"Gone to See the River Man" Book Review
Written by Tony Jones
Published by Cemetery Dance Publications
Written by Kristopher Triana
2020, 145 pages, Fiction
Released on 12th March 2020
It’s incredible to comprehend how such a dark book can be inspired by such a beautiful melancholic folksong. In both the opening and closing acknowledgements Kristopher Triana thanks the late English singer/songwriter who penned the melody referenced in the title: “...deep thanks to Nick Drake for his sombre song ‘River Man’, which was the launching impetus for this cosmic horror.” He quotes this passage, which closes the song:
Gonna to see the river man
Gonna to tell him all I can
About the ban
On feeling free
If he tells me all he knows
About the way his river flows
I don’t suppose
It’s meant for me
Oh, how they come and go
Cult singer Nick Drake’s sad and whimsical ‘River Man’ is a million miles away from the monstrous interpretation which appears in this powerfully written short novel which is so gripping it could be read in one sitting. To avoid spoilers, I will keep it vague; reading it without too much foreknowledge only adds to its overall power. Kristopher Triana is known as a ‘Splatterpunk’ author, however, I this is not quite that; yes, it is shocking in parts, but the threat of violence is stronger than the physical blow. This is a major plus, as it genuinely ramps up the tension as the characters head into a place of darkness which does not require blood. I previously reviewed his clever thriller, Shepherd of the Black Sheep, which is completely different to this and shows the versatility of the author.

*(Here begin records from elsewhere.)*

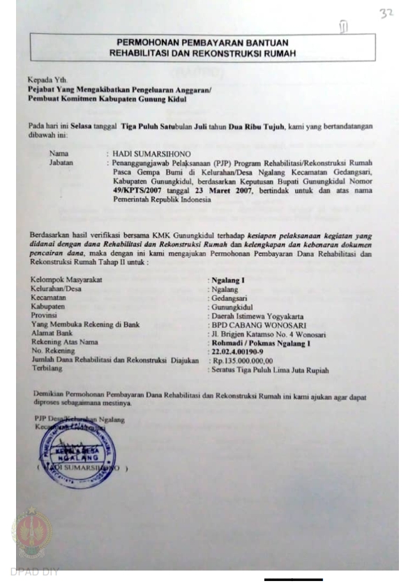 Permohonan Pembayaran Bantuan Rehabilitasi dan Rekonstruksi Rumah, Kelompok Masyarakat Ngalang I s.d XV, Kelurahan Ngalang, Kecamatan Gedangsari, Kabupaten Gunungkidul, Provinsi Daerah Istimewa Yogyakarta. |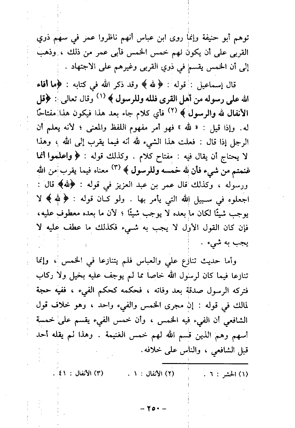 توهم أبو حنيفة وإنما روى ابن عباس أنهم ناظروا عمر فى سهم ذوى القربى على أن يكون لهم خمس الخمس فأبى عمر من ذلك، وذهب إلى أن الخمس يقسم فى ذوى القربى وغيرهم على الاجتهاد. قال إسماعيل: قوله: (لله (وقد ذكر الله فى كتابه: (ما أفاء الله على رسوله من أهل القرى فلله وللرسول (وقال تعالى: (قل الأنفال لله والرسول (فأى كلام جاء بعد هذا فيكون هذا مفتاحًا له. وإذا قيل: (لله) فهو أمر مفهوم اللفظ والمعنى؛ لأنه يعلم أن الرجل إذا قال: فعلت هذا الشيء لله أنه فيما يقرب إلى الله، وهذا لا يحتاج أن يقال فيه: مفتاح كلام. وكذلك قوله: (واعلموا أنما غنمتم من شيء فأن لله خمسه وللرسول (معناه فيما يقرب من الله ورسوله، وكذلك قال عمر بن عبد العزيز فى قوله: (لله (قال: اجعلوه فى سبيل الله التى يأمر بها، ولو كان قوله: (الله (لا يوجب شيئًا لكان ما بعده لا يوجب شيئًا؛ لأن ما بعده معطوف عليه، فإن كان القول الأول لا يجب به شيء فكذلك ما عطف عليه لا يجب به شيء. وأما حديث تنازع على والعباس فلم يتنازعا فى الخمس، وإنما تنازعا فيما كان لرسول الله خاصا مما لم يوجف عليه بخيل ولاركاب فتركه الرسول صدقة بعد وفاته، فحكمه كحكم الفيء، ففيه حجة لمالك فى قوله: إن مجرى الخمس والفئ واحد، وهو خلاف قول الشافعى أن الفئ فيه الخمس، وأن خمس الفيء يقسم على خمسة أسهم وهم الذين قسم الله لهم خمس الغنيمة. وهذا لم يقله أحد قبل الشافعى، والناس على خلافه.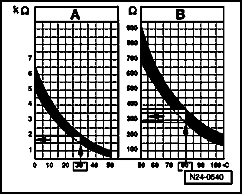 - 30 degrees C is in range A and corresponds to a resistance of 1.5 to 2.0 kilo Ohms

Much of Gone to See the River Man takes the shape of a journey and the reader is never too sure of what awaits at the final destination, with the ‘cosmic horror’ element the author refers to remaining elusive until into the final stages. This is one of those books that even after reading 80% or more, I did not have the faintest idea how it was going to end with the shrouding of some of the plot twists, including a few real shockers; truly outstanding. What is waiting at the end of the journey? There will be no spoilers from me, but the appearance of the elusive River Man is well worth the wait.
The story is built upon two split narratives around 25 years apart, the focus of both is Lori, who is just about to turn 40 in the present-day story. Lori has a rather morbid hobby, she writes to serial killers and has an impressive collection of letters from previous correspondences. When the story begins, she is on the way to prison to meet Edmund Cox. Lori is in love with Edmund, even though she knows he has tortured and killed many women, with a special fondness for those from the Far East. As the story unfolds, some of the letters, written by both Lori and Edmund, are dropped into the story. When the pair meet, Edmund gives Lori a mission, or a test, and this lies at the dark core of Gone to See the River Man.
Whilst Lori embarks her quest we also head back into her childhood to when she was around fifteen and the middle of three children. What happens in the past has a major part in what shapes the present and how Lori ends up in her current predicament, with both strands complementing each other perfectly. These teenage scenes are fascinating, once again the shrouding is superb, as everything moves into a shocking direction as the secrets are slowly, almost innocently, revealed by Lori. Her elder and more popular sister, Abby, is also dropped into the action with her younger brother Pete, both of which have crucial roles. The three-way sibling dynamics are so convincingly handled you’ll be looking for clues which might have sowed the seeds in shaping Lori into the woman who takes pleasure in sending dirty letters to serial killers.
Gone to See the River Man is mostly written in the third person from Lori’s point of view, but does occasionally jump to her sister Abby and back and forwards through the two time periods the story is set in. This is a deliberately jarring technique which keeps the reader on their toes with little being spoon-fed or telegraphed. Also, as Lori’s journey gets more dangerous, we begin to see how fractured her soul truly is and why. The ending is brutal, brilliant and totally unforgettable.
I rarely give 5/5 for reviews, but this is such an impressive piece of writing it will rank amongst the best of 2020. You’re unlikely to come across a better example of how to build dread over a relatively short page-count, with the split narratives both holding very different types of shocks and twists. You’re going to feel that you’re on the river with Lori, you might even get seasick, piggybacking upon her guilt in an exceptionally intense and bruising character study. At times you will almost certainly be forced to look away and I don’t blame you. Outstanding, a novel with genuine bite.